- **What is required**
Would you return the listing exactly as written, apart from its pictures?

- **Data in this exercise**
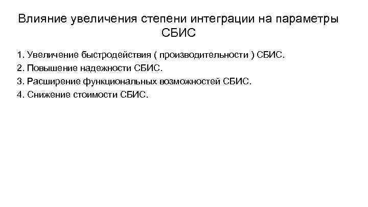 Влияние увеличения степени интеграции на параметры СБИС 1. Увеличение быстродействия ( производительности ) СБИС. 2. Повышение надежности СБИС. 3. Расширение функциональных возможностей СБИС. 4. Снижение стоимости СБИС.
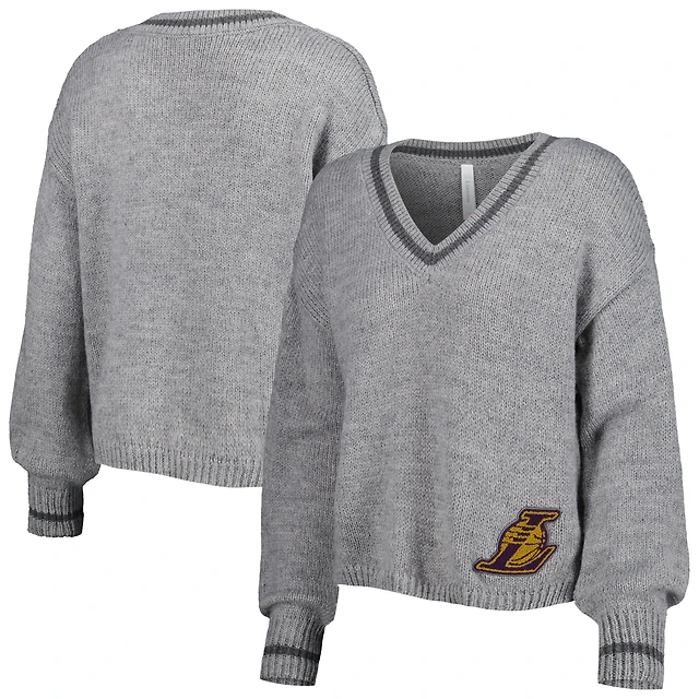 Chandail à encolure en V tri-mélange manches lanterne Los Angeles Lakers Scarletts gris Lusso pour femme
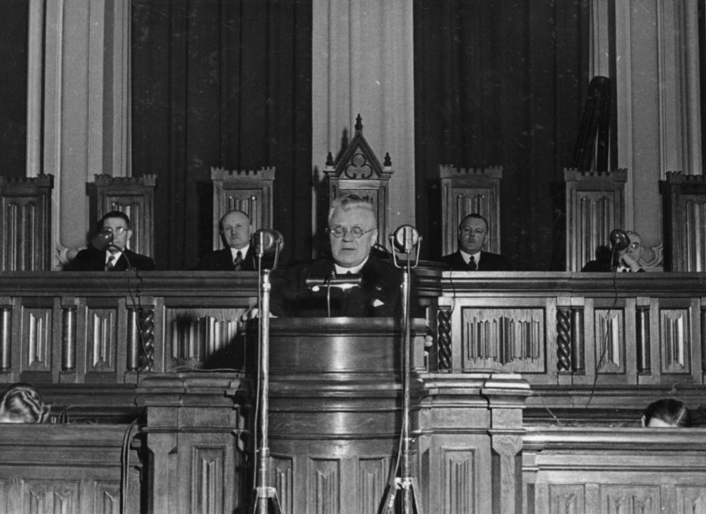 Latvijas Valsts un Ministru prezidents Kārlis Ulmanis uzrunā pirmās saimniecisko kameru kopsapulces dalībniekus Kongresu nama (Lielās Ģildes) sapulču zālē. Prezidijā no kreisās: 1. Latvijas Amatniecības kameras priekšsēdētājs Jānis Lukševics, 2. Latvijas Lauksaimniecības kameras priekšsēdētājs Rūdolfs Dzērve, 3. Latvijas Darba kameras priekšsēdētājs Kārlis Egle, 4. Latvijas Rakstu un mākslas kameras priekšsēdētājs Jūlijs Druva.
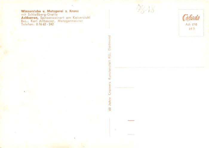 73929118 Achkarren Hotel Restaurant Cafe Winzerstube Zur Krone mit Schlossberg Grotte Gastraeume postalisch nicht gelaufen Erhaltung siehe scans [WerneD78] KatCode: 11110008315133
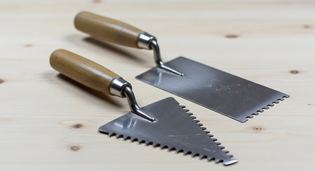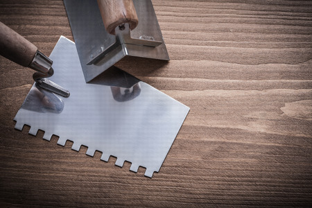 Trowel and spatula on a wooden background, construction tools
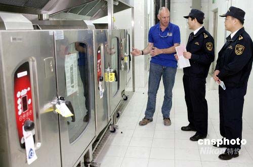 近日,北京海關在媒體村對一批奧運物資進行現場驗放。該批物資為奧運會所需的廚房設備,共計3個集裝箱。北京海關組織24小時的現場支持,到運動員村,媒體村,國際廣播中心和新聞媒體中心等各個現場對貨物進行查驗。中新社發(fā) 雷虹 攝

- **Response to the exercise**
 Влияние увеличения степени интеграции на параметры СБИС 1. Увеличение быстродействия ( производительности ) СБИС. 2. Повышение надежности СБИС. 3. Расширение функциональных возможностей СБИС. 4. Снижение стоимости СБИС.
 Chandail à encolure en V tri-mélange manches lanterne Los Angeles Lakers Scarletts gris Lusso pour femme
 Latvijas Valsts un Ministru prezidents Kārlis Ulmanis uzrunā pirmās saimniecisko kameru kopsapulces dalībniekus Kongresu nama (Lielās Ģildes) sapulču zālē. Prezidijā no kreisās: 1. Latvijas Amatniecības kameras priekšsēdētājs Jānis Lukševics, 2. Latvijas Lauksaimniecības kameras priekšsēdētājs Rūdolfs Dzērve, 3. Latvijas Darba kameras priekšsēdētājs Kārlis Egle, 4. Latvijas Rakstu un mākslas kameras priekšsēdētājs Jūlijs Druva.
 73929118 Achkarren Hotel Restaurant Cafe Winzerstube Zur Krone mit Schlossberg Grotte Gastraeume postalisch nicht gelaufen Erhaltung siehe scans [WerneD78] KatCode: 11110008315133
 Trowel and spatula on a wooden background, construction tools
 近日,北京海關在媒體村對一批奧運物資進行現場驗放。該批物資為奧運會所需的廚房設備,共計3個集裝箱。北京海關組織24小時的現場支持,到運動員村,媒體村,國際廣播中心和新聞媒體中心等各個現場對貨物進行查驗。中新社發(fā) 雷虹 攝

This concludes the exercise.